I just don’t want to go into something so fast without thinking. I needed to think first.

But even though I stood in the hot shower for about twenty minutes, it was just a disfigured haze in my mind.

* * *

I was halfway back to the guest room in a thin baseball tee and some pants when I heard a desperate piercing scream from the kitchen.

“Oh my God!”

It was Angie.

Instantly, I ran towards the stairs taking them three at a time, and behind me, I heard Elliot’s door swing open, his footsteps pounding right behind me in seconds. Another door flung open, much slower, and I could imagine Tess stumbling out, still half-sleep and woken up by the scream.

I turned the corner into the kitchen and saw Angie covering her mouth with one hand, another on her heart. Her back was turned to us and she was bent over the kitchen counter over something we couldn’t see.

“Angie?” Elliot asked, surging forward in front of me with his tall figure. When we reached her, we saw a box of cake big enough to fill the whole counter.

“Oh, it’s all ruined. Completely ruined. The cake shop messed up with my order!” Angie frowned.

A cake? That was all this was about?

“I ordered a simple cake, nothing they could mess up, I made sure of that,” Angie explained, flushed and red. “It had wedding bells with butter cream icing and piped flowers with edible vanilla blossoms on the corners and they send me this!”
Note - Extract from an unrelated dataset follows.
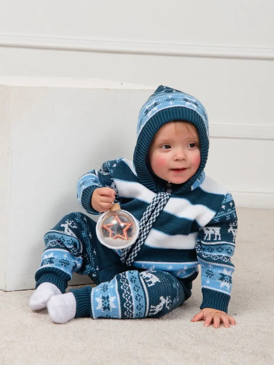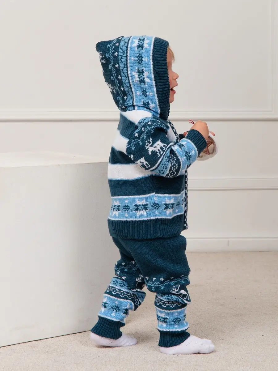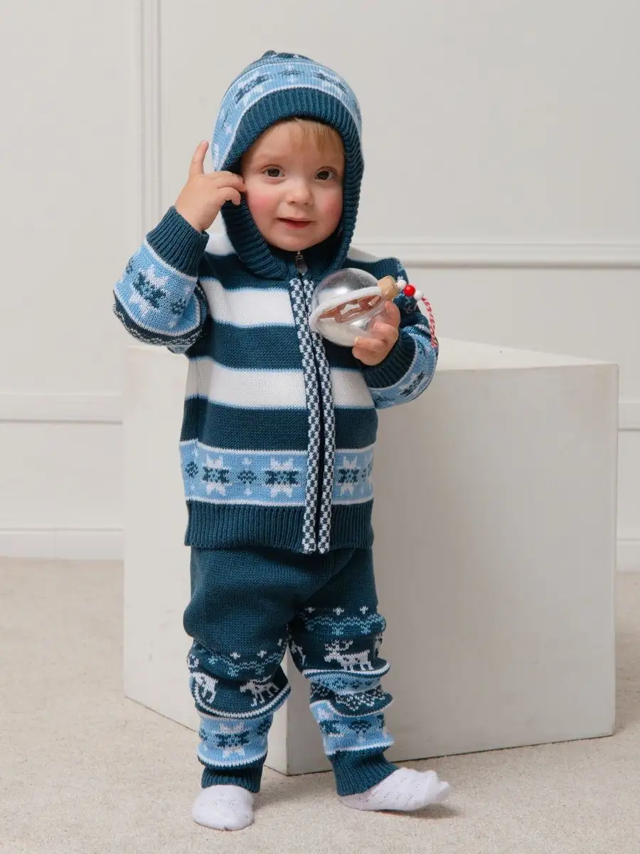 Костюм для малыша с орнаментом из двух предметов: кофта на молнии с капюшоном и рейтузы. Модель костюма универсальная и подойдет как для девочки так и для мальчика. Детский костюм идеальный вариант как для повседневной одежды второго слоя в холодное время года, так и верхней одежды в межсезонье. Теплый детский костюм выполнен из гипоаллергенной пряжи, поэтому малышу будет в нем комфортно, а благодаря свободному крою и ластовице в штанишках не стесняет движения. Вязаный комплект выполнен в технике жаккард без протяжек нити на изнаночной стороне. Высокое качество, тщательность исполнения и ручная отделка являются неоспоримыми преимуществами. При выборе размера советуем руководствоваться таблицей в карточке товара.
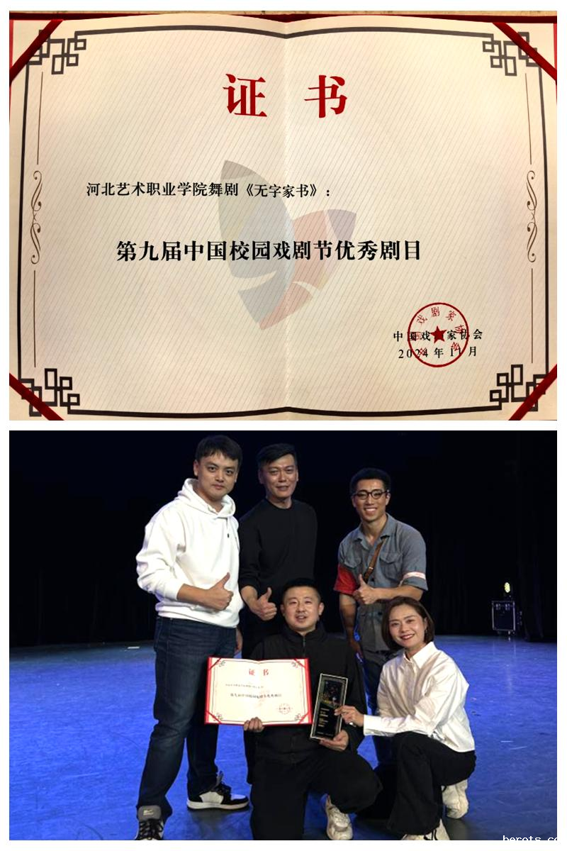 创办于2008年的中国校园戏剧节,是面向全国校园、以学生为主体的国家级校园戏剧活动,每两年举办一届。“中国戏剧奖·校园戏剧奖”是中宣部批准的国家级文艺常设奖项,与梅花表演奖、曹禺剧本奖、优秀剧目奖、小戏小品奖、理论评论奖,同为中国戏剧奖的子奖项,该奖项每两年评选一次,是唯一由国家设立的校园戏剧最高奖。在河北省剧协的大力支持下,我院舞剧《无字家书》在全国范围内报送的355部作品中脱颖而出,与其他23部剧目成功入选2024年第九届中国校园戏剧节展演活动。这不仅是我院在该类文化艺术展演活动中的首次入选,也是河北省唯一一部入选的艺术作品。

When I took a closer look at the cake, it looked nothing like they described. It was a cake, alright. But not one for a wedding. It was decked out in multicolored sprinkles, and there were dog biscuits sticking out everywhere. It was a chocolate and strawberry flavored cake with red icing on top. The yellow, blue, and green piping spelled out “HAPPY 8TH BIRTHDAY GOLDIE, THE BEST GOLDEN RETRIEVER IN THE UNIVERSE.”

Tess came into the kitchen and stared at it. “Well now there’s a golden retriever out there who’s probably really confused.”

Angie sighed heavily, resting against the counter, her face in her hands. “This isn’t even the worst of it. The caterer dropped those boxes this morning,” she gestured with a limp hand to the kitchen table filled with white boxes, “And they brought the wrong order to me too! I ordered mini quiches, caviar in wedding bell shaped glass cups, smoked salmon for the non-veggie guests and a tofu castle for the vegetarian ones. And do you see any of that there? No! Because they sent me fried chicken. With tubs of gravy.”

“Wait, all those boxes are filled with fried chicken?” Tess asked suddenly.

Angie nodded dismally.

In seconds, Tess rushed to get a plate out of the pantry and started tearing through the boxes with glee.

Elliot and I exchanged a long glance. Behind him, the window opened up into graying clouds turning black.

“Oh, what will I do now?” Angie slumped into one of the bar stools, closing her eyes. “The girls at the country club will think of me as a joke. I tried so hard to be one of them, so fancy and lady-like, but when they see all of this, I’ll be the laughingstock of the club.”

I suddenly knew why Angie went to such great lengths to perfect every single detail of her wedding vow renewal. Maybe it wasn’t because she was a die-hard perfectionist. Maybe it was just because she wanted to fit in. She wasn’t just marrying into a new family, she was also marrying into a new town with new people. Leaving everything behind and adjusting was hard enough as it was. I should know.